Do you know how ridiculously lucky we are to have such a wunderkind as Jeremy Douglass as our resident composer and music director? Because it’s ridiculous. Jeremy plays live on stage straight through this 70-minute performance including songs and scenes and atmosphere, and he also contributed additional lyrics alongside Federico García Lorca’s poetry. We asked him a few questions about what’s going into this one:
“Most of the music is just accompanying straight text. We wanted to make a “play with music with some singing” and not a full song and dance musical. So, in this regard I found the rhythm of the text, and the inflection of the words and set those to melodies that “sound” like speech.

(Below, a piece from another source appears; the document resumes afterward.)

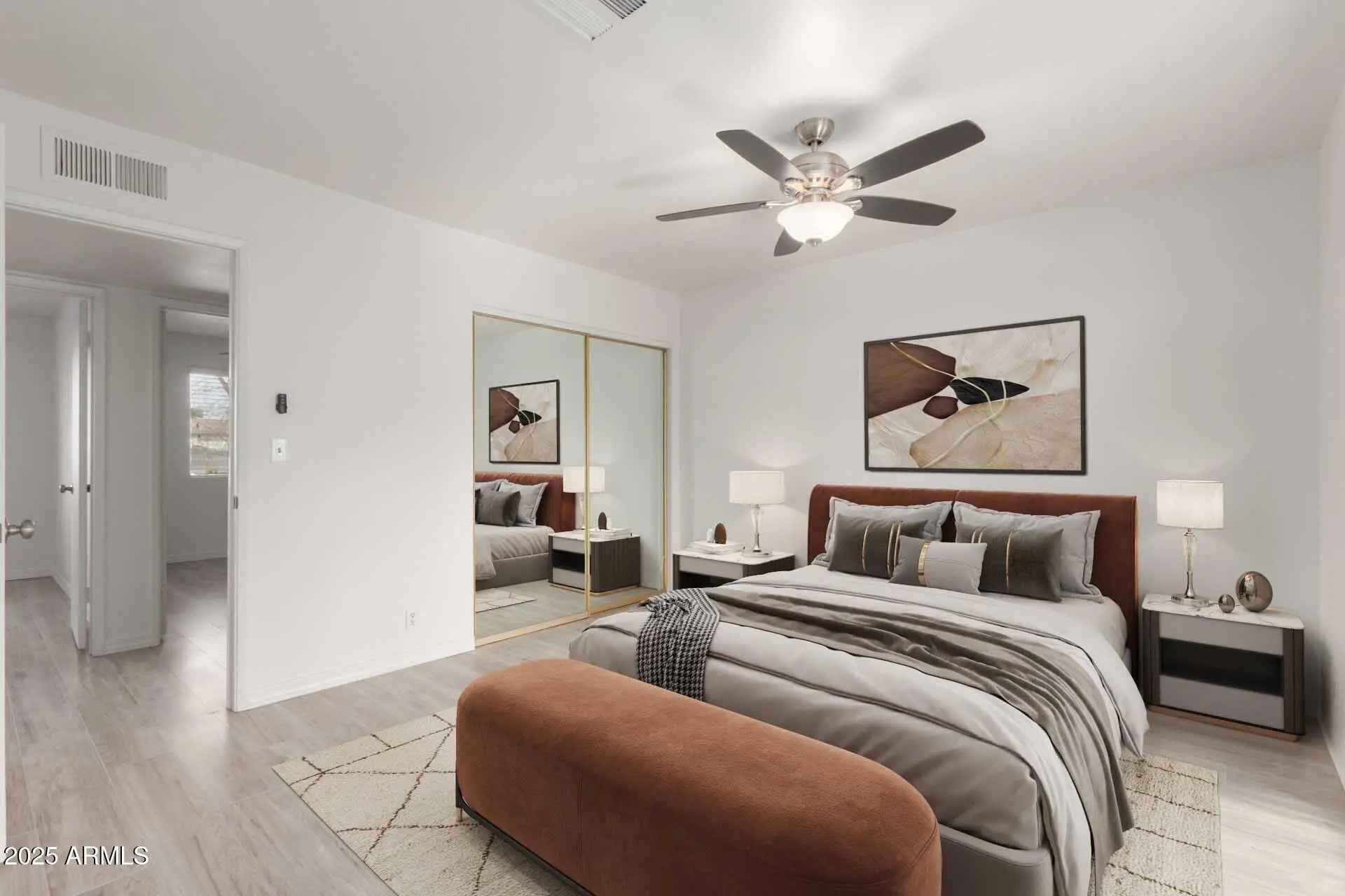 Discover all the charm of this adorable NO HOA 3 bed/2 bath/2 car garage home situated on a prime corner lot! Inside, you'll find comfortable and bright living areas with wood-look flooring, abundant natural light, and new neutral paint that compliments all your decor. Whip up your signature dishes in the pristine kitchen, equipped with pendant lighting, ample cabinetry and counter space, as well as essential appliances. The multi purpose bonus room off the primary bedroom can be used as an office, nursery, gym + more! Get a good night's rest in the main suite, complete with a bathroom & a closet with mirrored doors. Sip your morning coffee and enjoy weekend grills in the backyard, complete with a cozy covered patio and an easy-care landscape.

Now that the cast has learned the melodies like they’re songs, we’re focusing on how to make them sound more like musical speech.

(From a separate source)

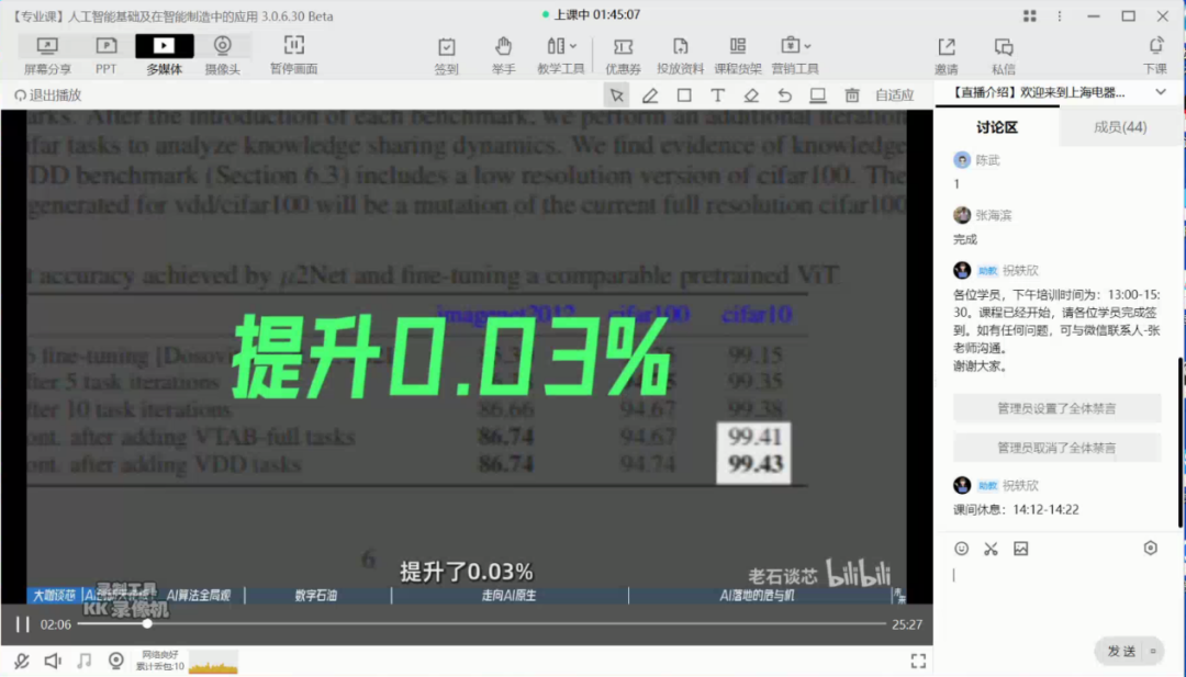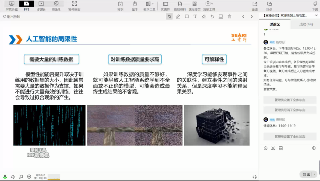 本次培训采取线上直播形式,参加学员共计44人,来自中国电信股份有限公司上海机器人星空xk、中国联合网络通信有限公司上海市分公司、中移(上海)信息通信科技有限公司、上海人工智能创新中心、宝信软件股份有限公司、上海建工集团投资有限公司、上海浦东发展银行股份有限公司、上海复旦微电子集团股份有限公司、健康云(上海)数字科技有限公司、新智道枢(上海)科技有限公司、上海有个机器人有限公司等30多家企事业单位。

There are a small handful of songs in the show that don’t pull text straight from the play. One is an unaltered Lorca poem set to music. Another is inspired by a Lorca poem. And two I wrote from whole cloth, lyrics and music.I suppose my inspirations were fantasy movies like Legend or Dark Crystal but tinier. Daintier. We’re in the world of bugs. It’s a fairy tale, a tragedy, a comedy. I want the music to sound like all of these but not on a grand scale. These are innocent creatures grappling with huge emotions. Our sound is small and intimate but can flourish into something magical.
For live scoring I’m pulling from much of the techniques I learned at American Stage as music director for music theatre improv. It involves lots of listening. A deep musical vocabulary and a keen skill for translating emotion to music on the fly. It’s really the most fun part of this. Some of the underscore will be set in intent and motivation, but from night to night the details may change and even develop as the run of the show continues. Come to the first night and last night and you may find the underscore has morphed over time.

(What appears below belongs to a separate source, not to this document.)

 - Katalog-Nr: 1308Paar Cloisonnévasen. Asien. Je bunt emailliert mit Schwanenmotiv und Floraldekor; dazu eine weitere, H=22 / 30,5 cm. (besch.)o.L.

I’m using a lovely set of virtual instruments called Impressionism by Spitfire Audio. This virtual instrument is a love letter to 150 years of impressionist art. It’s filled with brightly colored hues, pastel washes of strings and woodwinds, harps and vibraphones and even some atonal clusters. Mixed in with this are some nylon guitar and some big, often menacing low end strings. Not a piano in the whole show!”
THE BUTTERFLY’S EVIL SPELL is on stage May 7 – June 1 at the Straz Center in downtown Tampa.